■ GIVEN DATA

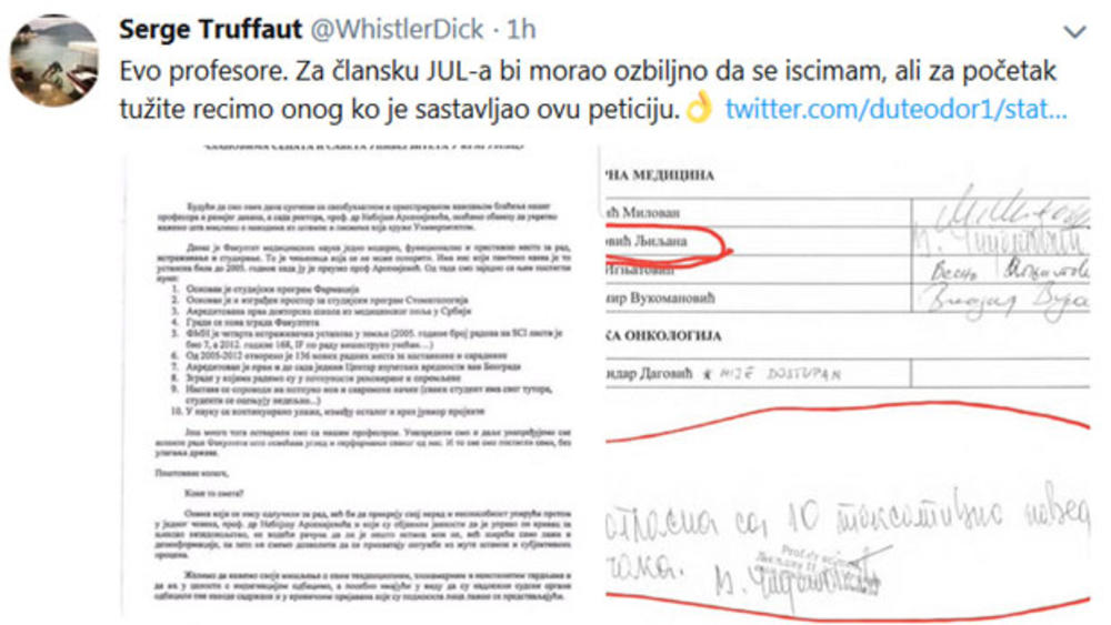 Na opasku akademika Dušana Teodorovića reagovao je Sergej Trifunović pitanjem: "A, jel' može da se kandiduje neko kome je supruga bila članica JUL-a i potpisnik podrške zloglasnom rektoru Arsenijeviću u Kragujevcu?" Na odgovore koji slede u tvirovima, gde se pita da li vezano za izborna pravila važi i fotografisanje sa Legijom, gde se aludira na Trifonovićeva poznanstva, Trfifunović je kratko odgovorio:
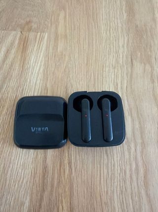 Auriculares inalámbricos Vieta Pro en color negro. usados. - Diseño moderno y elegante. - Incluye estuche de carga. - incluye cable de carga - funcionan bien en general - usb C
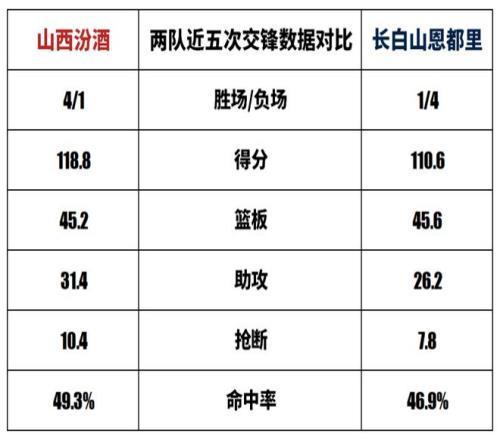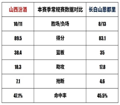 赛事前瞻常规赛第22轮长白山恩都里vs山西汾酒
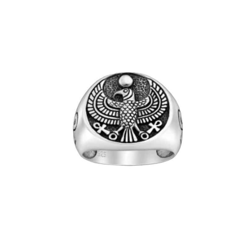 - MATERIAL: It made from 925 Sterling silver, finished in high polish. Intricate Symbolism: The ring features the powerful symbols of the Eagle, the Eye of Horus, and the Ankh, each representing protection, good health, and eternal life in ancient Egyptian culture.
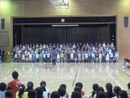 今朝は、音楽集会がありました。各学年で「さんぽ」の合唱をしました。

■ REQUIRED ACTION
Write out again exactly the lines from the start of the data above through the line containing "赛事前瞻常规赛第22轮长白山恩都里vs山西汾酒", inclusive, excluding any pictures.

■ EXPECTED ANSWER
 Na opasku akademika Dušana Teodorovića reagovao je Sergej Trifunović pitanjem: "A, jel' može da se kandiduje neko kome je supruga bila članica JUL-a i potpisnik podrške zloglasnom rektoru Arsenijeviću u Kragujevcu?" Na odgovore koji slede u tvirovima, gde se pita da li vezano za izborna pravila važi i fotografisanje sa Legijom, gde se aludira na Trifonovićeva poznanstva, Trfifunović je kratko odgovorio:
 Auriculares inalámbricos Vieta Pro en color negro. usados. - Diseño moderno y elegante. - Incluye estuche de carga. - incluye cable de carga - funcionan bien en general - usb C
 赛事前瞻常规赛第22轮长白山恩都里vs山西汾酒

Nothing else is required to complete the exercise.